Language models scale reliably with over-training and on downstream tasks
Fit our scaling laws to small-scale runs trained near compute-optimal, predict the downstream error (average top-1) of large over-trained runs.
摘要
评审与讨论
This article investigates the behaviors of scaling laws in the regime of over-training and on downstream benchmarks. Through derivation and initial observations, the article provide empirical evidence that over-training largely follows a similar, tractable, and constant-slope scaling law. Through further investigations and experiments, the article derives the parameters in the scaling law for over-training. With that conclusions, the article is then able to derive a scaling law relating model size, training tokens, and average downstream task performance, for the first time proving that average performance across a subset of downstream tasks are tractable.
优点
- Originality: This work firstly investigates and tracks next-token prediction model performance under the over-training regime and on downstream benchmark evaluation tasks.
- Strong experiment results: This work builds a test-bed with more than 100 models with different sizes and training tokens. Through predicting the scaling law, this work successfully predicts the performance of larger models trained with more tokens.
- Theoretical relationship with prior work: This work provides a stimulating analysis (Section 2) between scaling laws under the over-training regime and existing Chinchilla/Kaplan scaling laws, providing strong theoretical evidence supporting the derived over-training scaling law.
- Writing: This paper is well-written with a clear, logical presentation of motivation, derivation process, experiment result analysis, and conclusion.
缺点
- This work suggests that "there remain gaps between current scaling studies and how language models are ultimately trained and evaluated" (Line 13-14), suggesting that over-trained regime is under-investigated.
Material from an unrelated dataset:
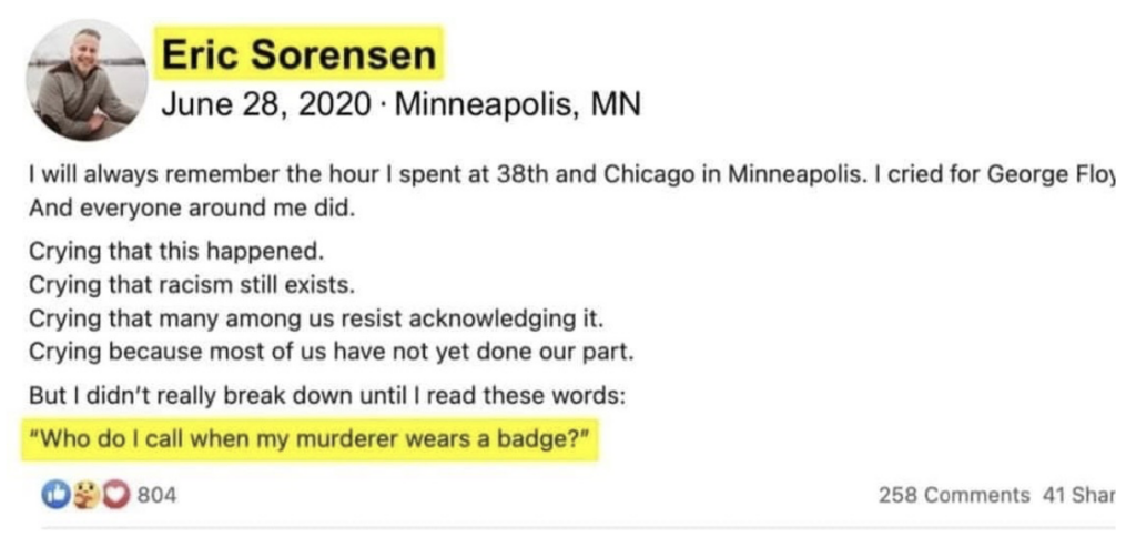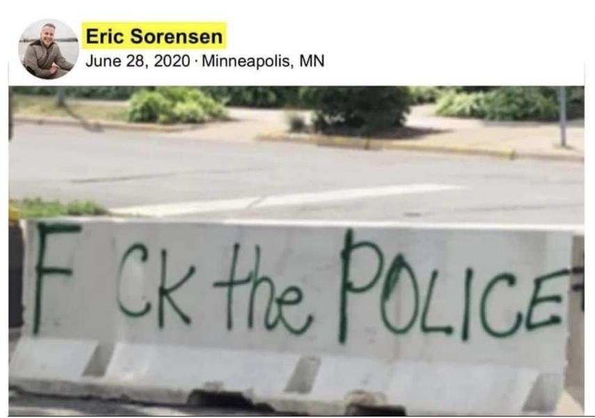 Let’s not forget that Eric Sorensen had a secret Facebook account that he used to post anti-police content, including a meme about defunding the police and images of graffiti that reads “All Cops Are B*******.” Sorensen is also backed by groups who support cashless bail and campaign with those who share the same values.

There is an interesting work [1] that investigates the pre-training process of language models. In [1], the authors predict the training outcomes using the gathered data from an initial training period, and they successfully predicts the training outcomes of relatively small models (<0.1B) trained on large number of tokens (400B tokens). In that case, and falls into the over-training category. It would be interesting to investigate the difference between the proposed over-train scaling law and [1].
[1] Temporal Scaling Law for Large Language Models
问题
There is only one thing that WILL NOT affect my overall rating towards this article.
- See Weakness [1], it is better to discuss the differences between the proposed over-train scaling law and [1].
I am willing to defend my overall rating in the rebuttal period.
[1] Temporal Scaling Law for Large Language Models
Relation to Xiong et al. [1]. Thank you for mentioning the reference! We were not aware of this paper at the time of our submission; however, have added the following sentence to our revised manuscript in our extended related work:
Xiong et al. (2024) develop a hyperbolic-fit scaling law to describe the evolution of test loss during training based on early training steps. To do so, they consider models that undergo over-training in their testbed. In contrast, we focus on converged models and investigate predicting the performance of increased over-training in new runs that undergo more over-training than the converged models used for the fit.
We thank the reviewer for their generous review, acknowledging our originality, experimentation, contextualization relative to prior work, and presentation. Thanks for your attention to our work and for your willingness to defend your review during the review process!
Many thanks to the authors for their response. I will keep my overall rating even after reading other reviewer's comments. From my perspect of view, this is an inpiring paper and should be highlighted by the research community.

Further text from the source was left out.